Wednesday, June 1, 2011

From Surplus to Debt, Republi-CON Style

UPDATE II: "Contrary to many [Republi-con] assertions, tax rates in the United States are low, both historically and in comparison with other developed nations." Read The New York Times, Are Taxes in the U.S. High or Low?, which notes that:

The many adjustments to income permitted by the tax code, plus alternative tax rates on the largest sources of income of the wealthy, explain why the average federal income tax rate on the 400 richest people in America was 18.11 percent in 2008, according to the Internal Revenue Service, down from 26.38 percent when these data were first calculated in 1992. . .

The truth of the matter is that federal taxes in the United States are very low. There is no reason to believe that reducing them further will do anything to raise growth or reduce unemployment."

UPDATE: Another graphic reality check regarding Republi-con fiscal irresponsibility, from Pew Trusts, Fiscal Facts: The Great Debt Shift:



The report concludes that "new legislation enacted since January 2001 has been responsible for two-thirds of the debt growth. In the new legislation, roughly three dollars of new spending has been enacted for every two dollars in tax cuts between 2001 and 2011. No single policy or piece of legislation, however, is overwhelmingly responsible for the $12.7 trillion shift in CBO’s debt projections for 2011 that occurred between January 2001 and March 2011."

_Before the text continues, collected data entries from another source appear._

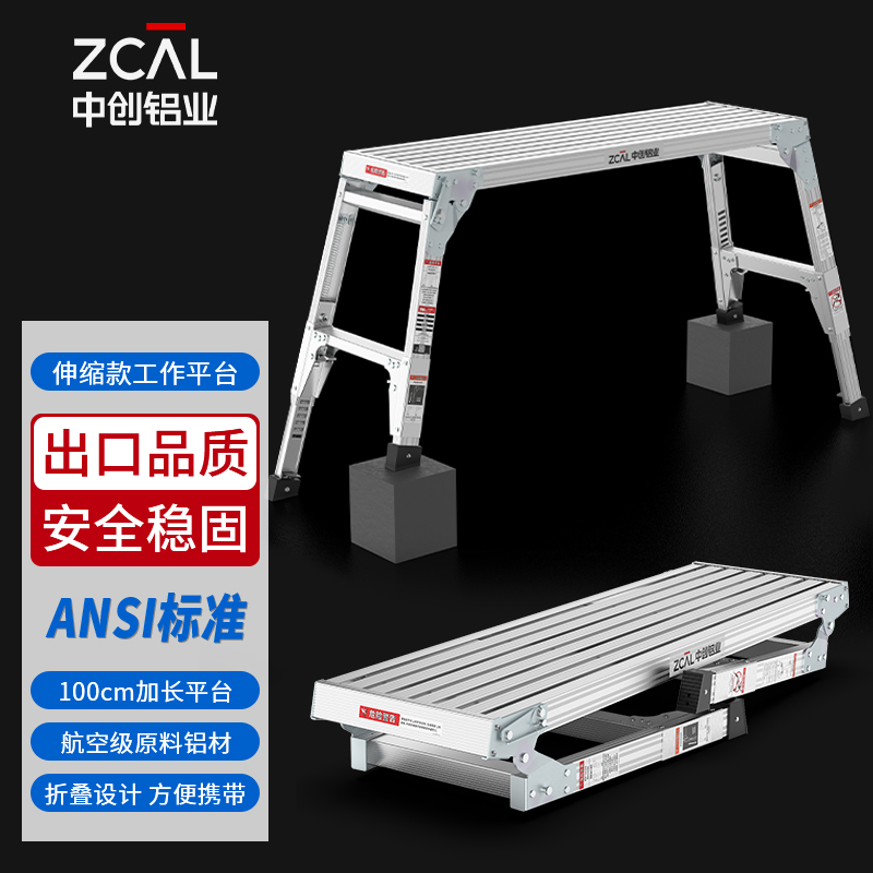中创伸缩平台梯加厚铝合金多功能..
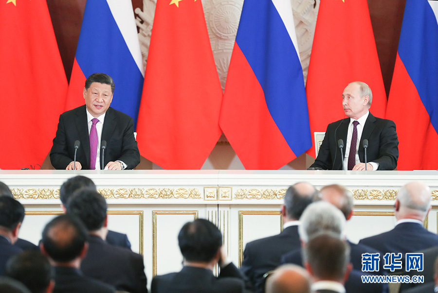 6月5日,國(guó)家主席習(xí)近平在莫斯科克里姆林宮同俄羅斯總統(tǒng)普京會(huì)談。這是會(huì)談后,兩國(guó)元首共同會(huì)見記者。 新華社記者 姚大偉 攝
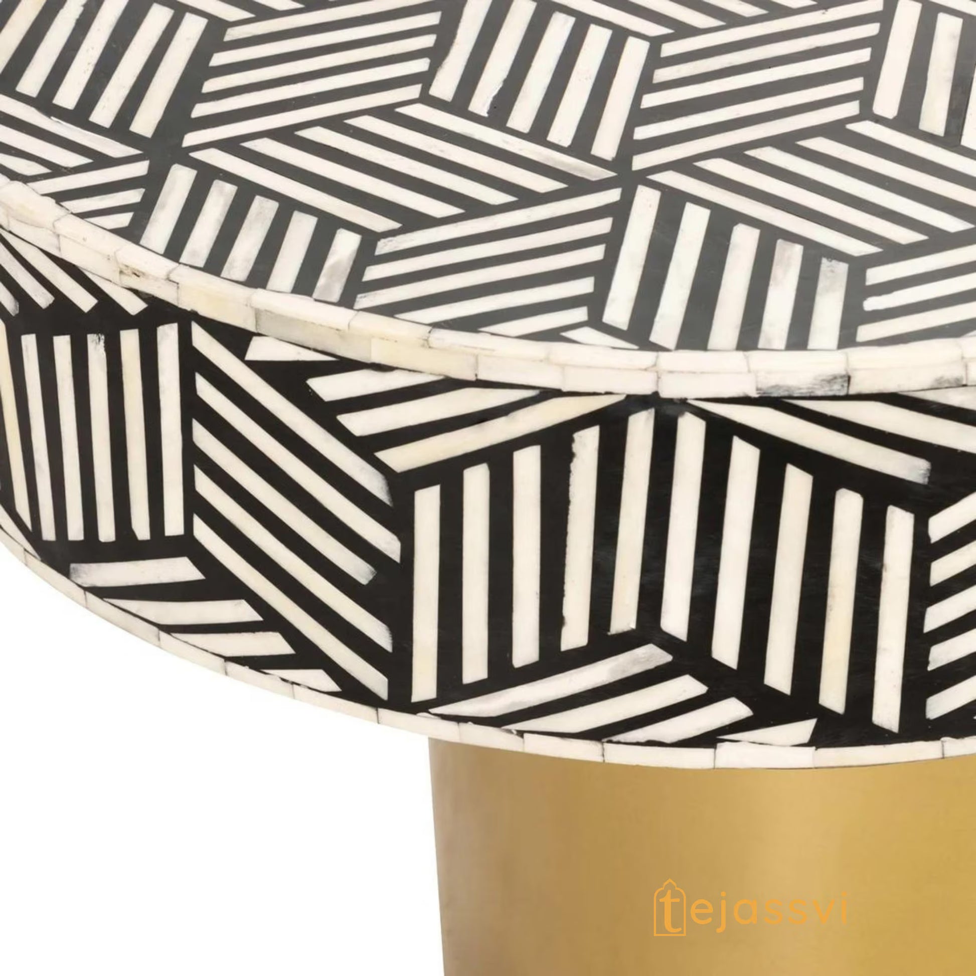 BONE Inlay Oval Coffee Table / Centre Table, Bone Inlay Strip design Oval Coffee Table Handmade Bone Inlay Modern Pattern Furniture Cocktail Table Unique table Hand made Round Beautifully Home Decor Table Indian Handcrafted Art
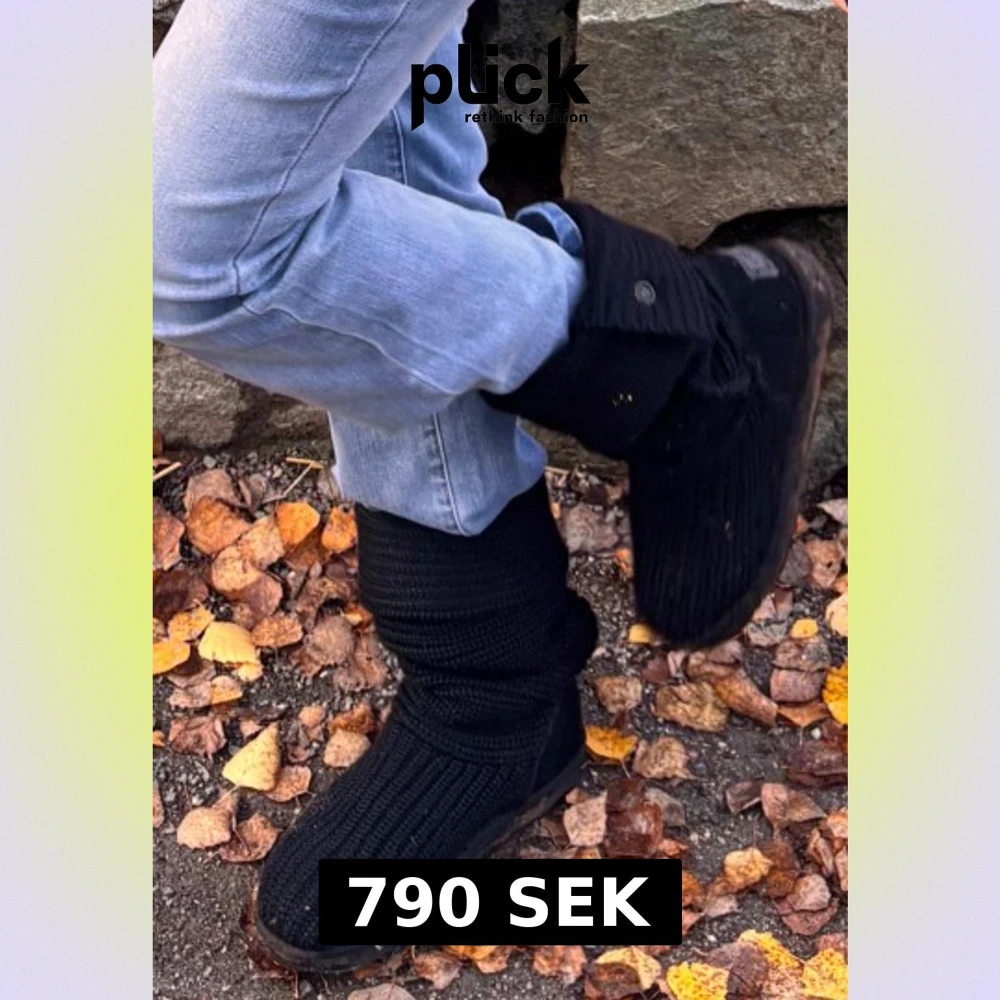 Säljer ett par svarta boots med stickad yta och platt sula. Skorna är bevarade sedan 2013 och de går även att vinkla ut så de blir längre men jag har vinklat ner de på bilden! Detta är riktiga 2000s tals BOOTS och från märket UGG❤️
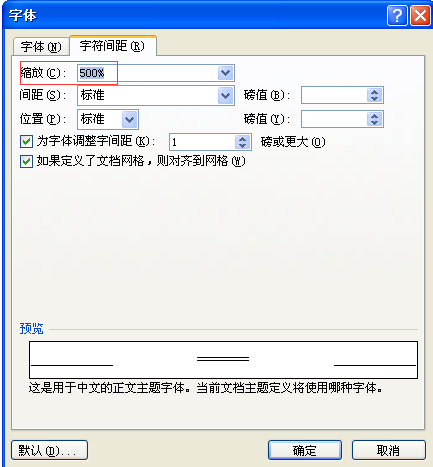 3、弹出字体对话框,选择字符间距选项卡,在缩放处输入500%即可,如图所示;
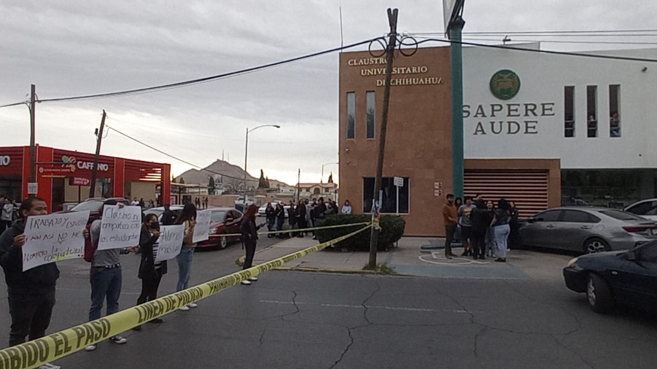 Está mañana alrededor de 60 alumnos del Claustro Universitario hicieron una manifestación con el bloqueo de la División del Norte ante el aumento en la colegiatura de $700.00 más.
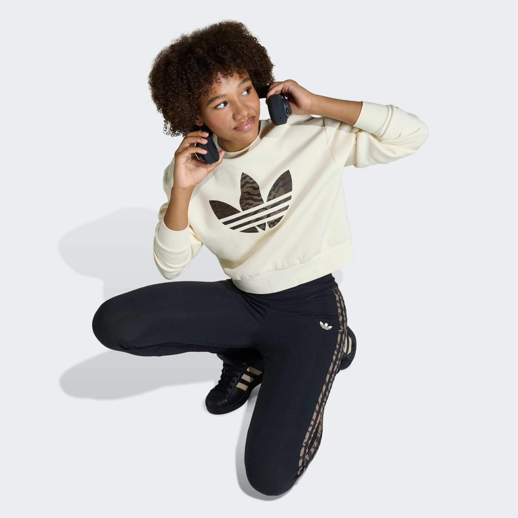 Komfort og stil forenes i disse 3-Stripes-tights. Disse alsidige tights er inspireret af den dristige ånd hos adidas Originals og er skabt til hverdagens eventyr. De er fremstillet af blødt single jersey-stof med et elastisk taljebånd, der giver en tætsiddende og fleksibel pasform, der bevæger sig ubesværet med dit barn. De ikoniske 3-Stripes ned langs siderne har et heldækkende tigerprint, der tilføjer et legende og iøjnefaldende præg, mens det broderede Trefoil-logo fuldender looket med et tidløst adidas-præg. Disse tights til juniorer er mere end bare stilfulde – de hylder legende energi og selvtillid. Uanset om de kombineres med en afslappet t-shirt eller en sporty top, giver de dit outfit et sjovt og selvsikkert touch.

"The nation’s unnerving descent into debt began a decade ago with a choice, not a crisis." Read the Washington Post, Running in the red: How the U.S., on the road to surplus, detoured to massive debt, which includes the following graph and this note: "In 2000, the United States had $3.4 trillion in debt held by the public. Based on policies in place at the time, the Congressional Budget Office projected in 2001 that the country could pay off its debt by the year 2008 and by 2011 have a $2.3 trillion surplus."